Monday, December 2, 2013
Joy of Evangelizing
The recent Apostolic Exhortation from Pope Francis, Evangelii Gaudium, is inspired and inspiring, delightful and thrilling. It burns passionately with love for Christ, our Lord and Savior, and for the poor. It practically explodes with evangelical fervor. It is single-minded and resolutely focused on The Essential: love for our Lord, and love for the brother and sister. It is firmly, unambiguously in continuity with previous pontiffs:
There are 217 footnotes, all from popes, the Second Vatican Council or classics like Augustine and Aquinas. Direct quotations from John Paul and Benedict may number close to 100. This is no maverick pope! Sections of it are worthy of spiritual reading and meditation; others are striking for their originality and provocativeness. For example, he notes that as we go forth to evangelize the poor, we are ourselves evangelized by their responsiveness, faith, patience and love. No ecclesiastical triumphalism here! Just the victory of the Cross! The section on homily preparation must be required reading for all priests. John Paul is quoted: "To be human is to be son of a culture and father of a culture." Now that is something to mull over. He is visceral in his disgust for the culture of affluence and consumerism, indifference to the poor and social inequality. But this is entirely in accord with previous papal statements, not to mention the rage of the prophets, Church fathers and Jesus himself. He identifies abortion as a moral abomination and matter-of-factly indicates that woman priests is not open to discussion and explains why in a succinct manner.

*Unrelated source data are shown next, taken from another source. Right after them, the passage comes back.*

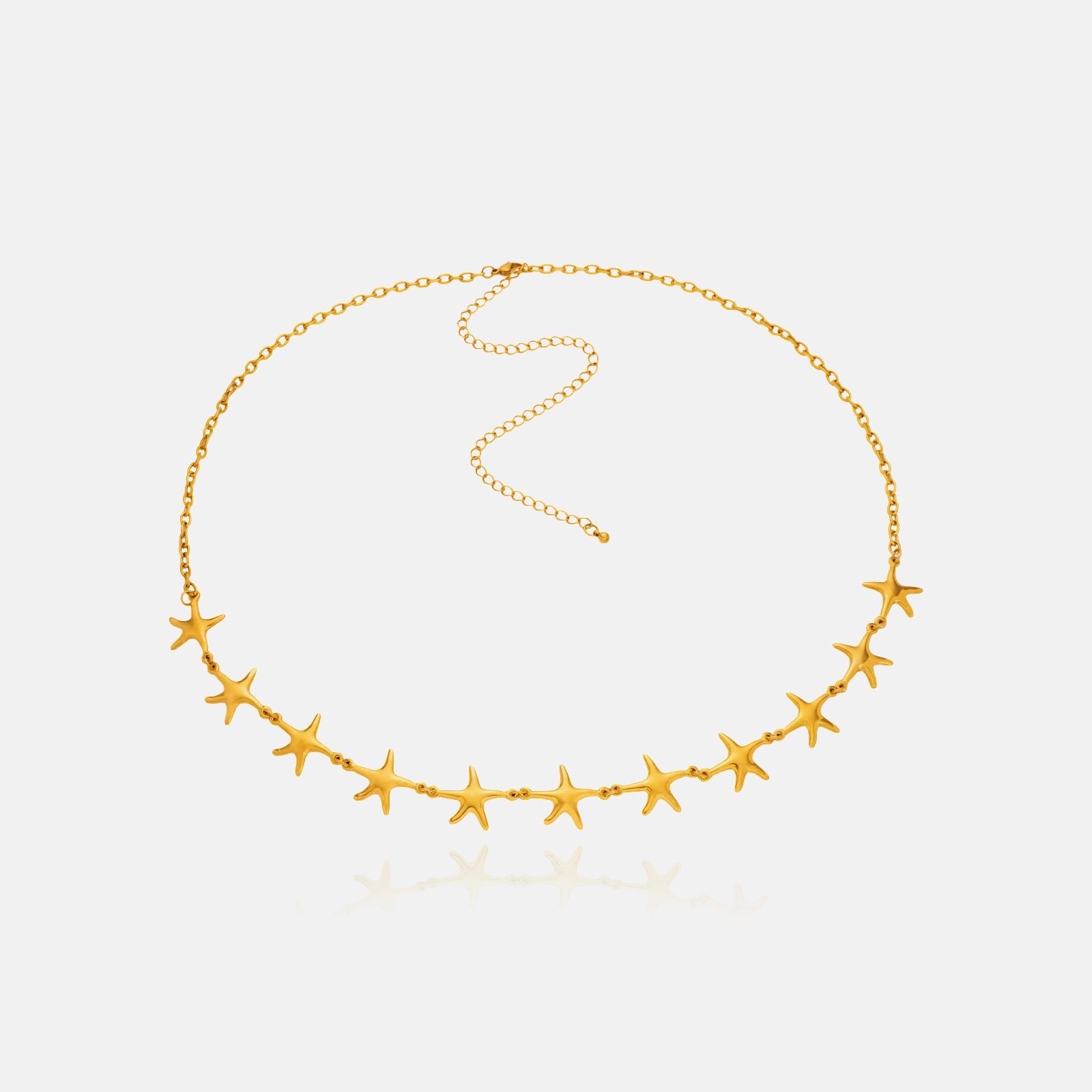 Onze stijlvolle en elegante zeester buikketting heeft een glinsterende 18K vergulde ketting met sterren en is verstelbaar in maat. Het zal er geweldig uitzien bij elke crop top of zwemkleding en je look direct verfraaien. Het kan ook over kleding gedragen worden om een twist geïnspireerd door de jaren 2000 aan je outfit toe te voegen. Het zal perfect om je taille vallen en je favoriete zomermaatje worden.
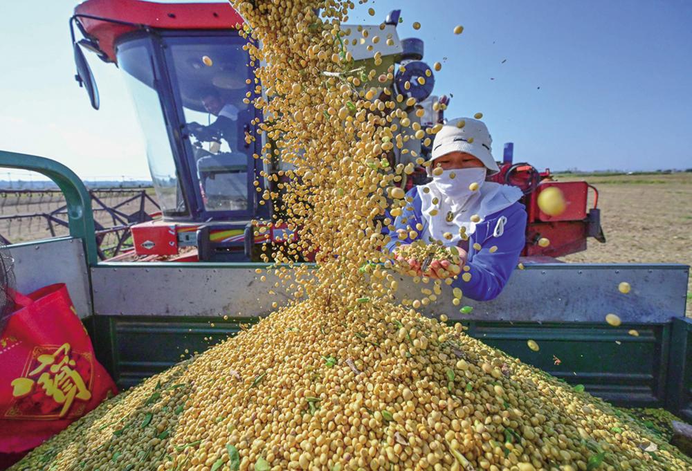 10月14日,在河南省洛阳市孟津区会盟镇黄河岸边的下古村,农民收获大豆。今年,我国继续提高小麦、稻谷最低收购价,完善玉米大豆生产者补贴,增加产粮大县奖励资金规模,扩大三大粮食作物完全成本保险和种植收入保险实施范围。新华社发(李卫超 摄)
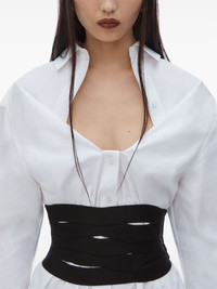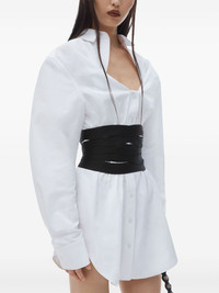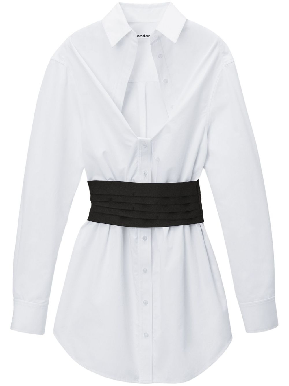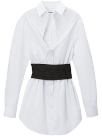 Deconstructed mini dress Highlights - White - Front button fastening - Belted waist - Scoop neck - Buttoned cuffs Imported Composition Cotton 100%, Polyester 85%, Spandex/Elastane 15%
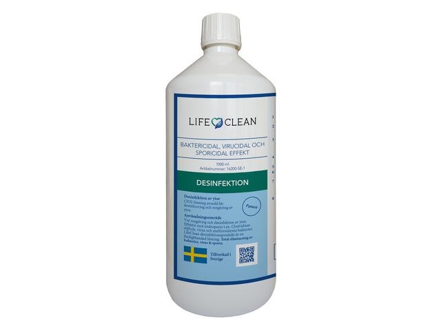 Rengör och desinficerar ytor och redskap, innehåller ej alkohol eller klor. Dokumenterad effekt mot virus och bakterier. High-level desinfektion med högt avdödningsspektrum för icke-invasiva medicintekniska produkter, avsedda för rena förhållanden (synbart rent). LifeClean har 100% desinficeringseffekt och är utvärderad som high-level desinfektion vid Statens Serum Institut (SSI). High-level disinfectantsmedel, full effekt inom 2 minuter. Med baktericidal, fungicidal, virucidal och sporicidal effekt. Med LifeClean desinfektion avlägsnar du effektivt smuts och tidigare applicerade kemikalier. Applicera en generös mängd LifeClean desinfektion på en ren trasa och torka ytan. Efter desinfektion, torka av ytan om det råder osäkerhet kring materialkompatibilitet med desinfektionslösningen. Regelbunden avsköljning med vatten rekommenderas. Godkänd enligt EN-standarder för bakterier, virus, svamp, jäst, mykobakterier enligt EN 13697, EN 13704, EN 14476, EN 13727, EN 14563, EN 14348, EN 13624, EN 14562.
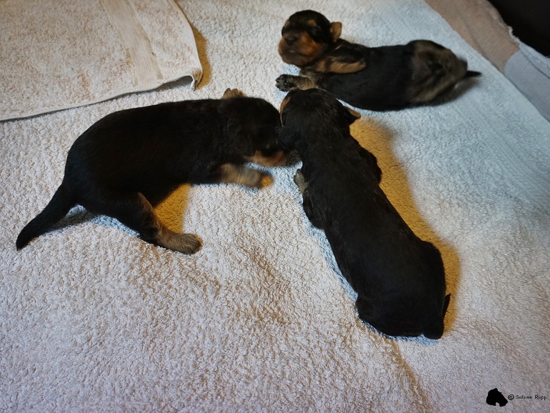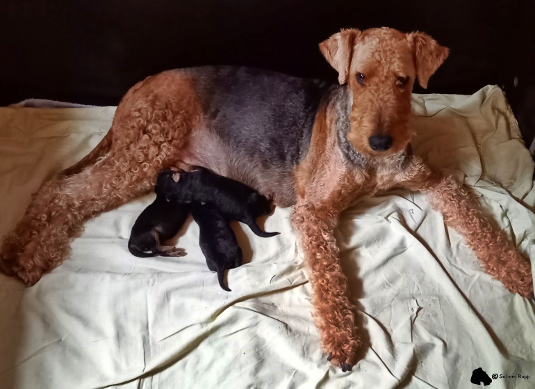 Seit drei Wochen versorgt Wiega in ihrem dritten Wurf drei entzückende Airedale-Mädchen. Der Vater der Kleinen ist “ Glenroses Rocket Man“ (VDH-Jugendsieger, Annual Trophy Junior Winner, Deutscher Jugend-Champion VDH, KfT Jugendchampion, VDH Frühjahrssieger).

It is appropriately labeled an "exhortation" and does not pretend to be a complete teaching. Like all things human, it is limited and finite; just as its author, our dear sweet Vicar of Christ, is himself limited and finite. This man is a lover, a zealot, a man on fire with the Holy Spirit. He does not have the depth, breath, sophistication, nuance and "catholicity" manifest in his two brilliant predecessors. In his admirable single-mindedness, he pays scant attention to dramatic, significant realities: the absolute need, of the poor especially, for a cult of sexual fidelity and chastity; the primacy of worship and liturgy, even over mission; ambiguous, not univocally evil, nature of global capitalism and the need for a complicated, nuanced, social ethic of subsidiarity as well as solidarity; the ominous alliance of the expansive state and an imperial ethos of sexual license; and our own emergent, promising friendship with evangelical and pentecostal streams of Christianity.
We will want to become inflamed with his zeal, and complement that with the wisdom of his two predecessors.